▶ **What is needed**
Please transcribe only the lines that run from the line bearing "ごはん 鶏肉の磯辺揚げ さつま芋のはちみつ煮" to the end of the entries, keeping both end lines. Skip the pictures.

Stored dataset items
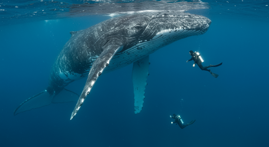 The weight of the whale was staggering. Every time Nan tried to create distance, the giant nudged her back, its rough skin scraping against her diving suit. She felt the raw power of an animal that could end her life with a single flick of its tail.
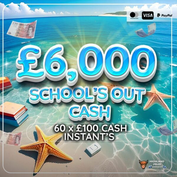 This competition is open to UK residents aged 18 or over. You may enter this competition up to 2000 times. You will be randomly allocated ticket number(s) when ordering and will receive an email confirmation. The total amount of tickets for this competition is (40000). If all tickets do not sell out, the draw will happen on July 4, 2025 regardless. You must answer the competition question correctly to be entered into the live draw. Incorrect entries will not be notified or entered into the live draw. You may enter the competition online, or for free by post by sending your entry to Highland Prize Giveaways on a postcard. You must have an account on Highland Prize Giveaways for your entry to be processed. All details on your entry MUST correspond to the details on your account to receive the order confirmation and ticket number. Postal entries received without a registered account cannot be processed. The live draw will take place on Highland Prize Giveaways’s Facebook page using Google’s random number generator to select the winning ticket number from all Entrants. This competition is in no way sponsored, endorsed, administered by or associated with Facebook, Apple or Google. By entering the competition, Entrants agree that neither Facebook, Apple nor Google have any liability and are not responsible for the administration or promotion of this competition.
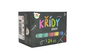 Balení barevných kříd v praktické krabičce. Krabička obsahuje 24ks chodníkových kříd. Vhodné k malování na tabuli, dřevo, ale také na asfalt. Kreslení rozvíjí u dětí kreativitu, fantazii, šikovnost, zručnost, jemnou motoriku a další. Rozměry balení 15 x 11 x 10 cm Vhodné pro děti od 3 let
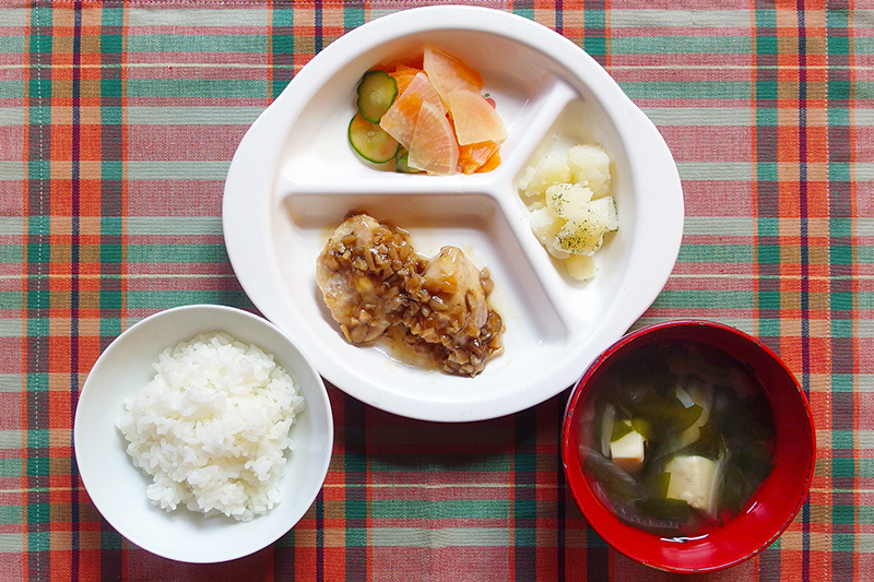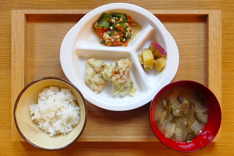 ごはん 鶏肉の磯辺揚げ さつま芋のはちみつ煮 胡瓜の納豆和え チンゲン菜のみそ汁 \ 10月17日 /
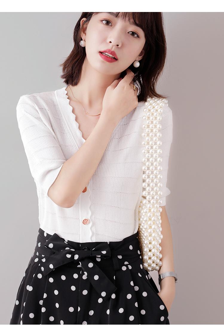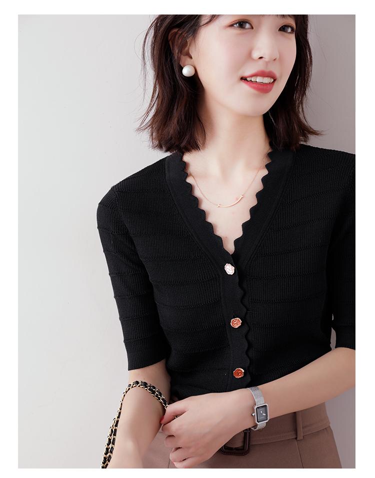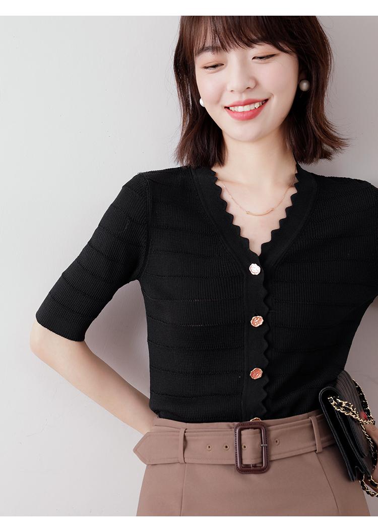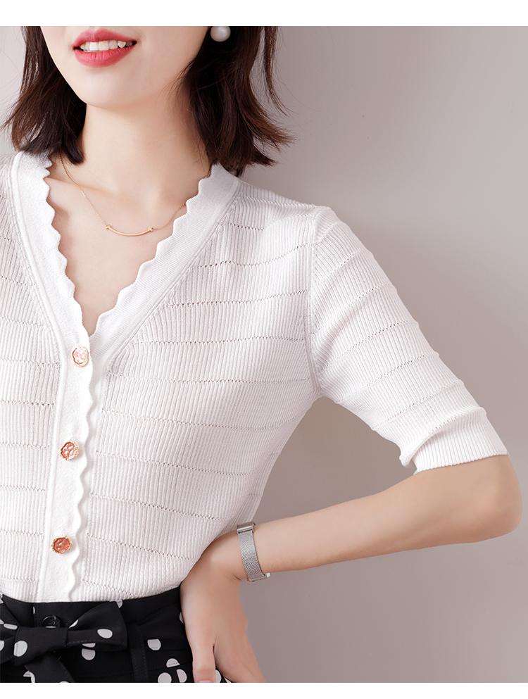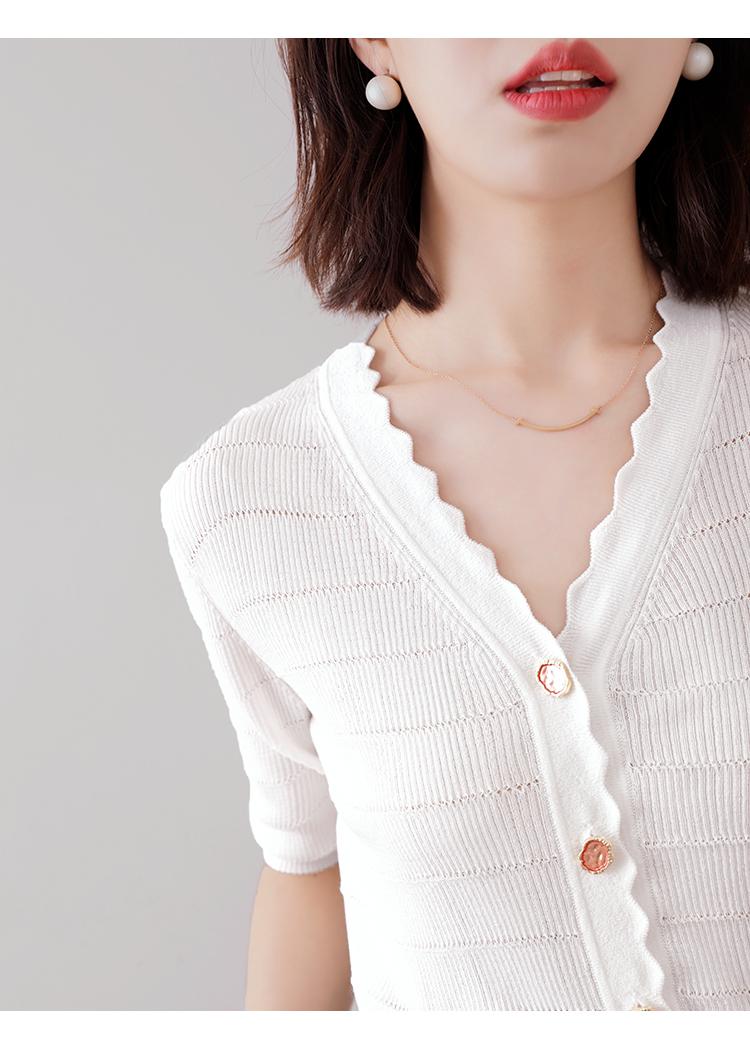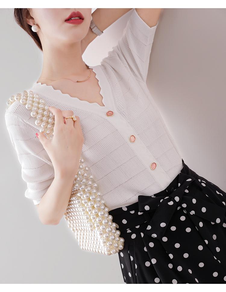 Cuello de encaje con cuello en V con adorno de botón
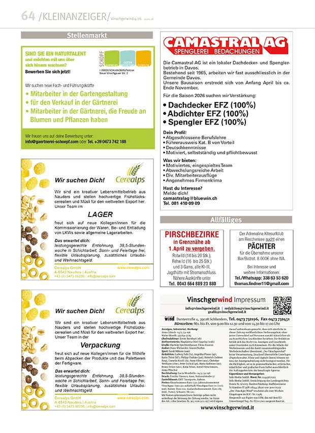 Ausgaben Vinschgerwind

▶ **Exercise solution**
 ごはん 鶏肉の磯辺揚げ さつま芋のはちみつ煮 胡瓜の納豆和え チンゲン菜のみそ汁 \ 10月17日 /
 Cuello de encaje con cuello en V con adorno de botón
 Ausgaben Vinschgerwind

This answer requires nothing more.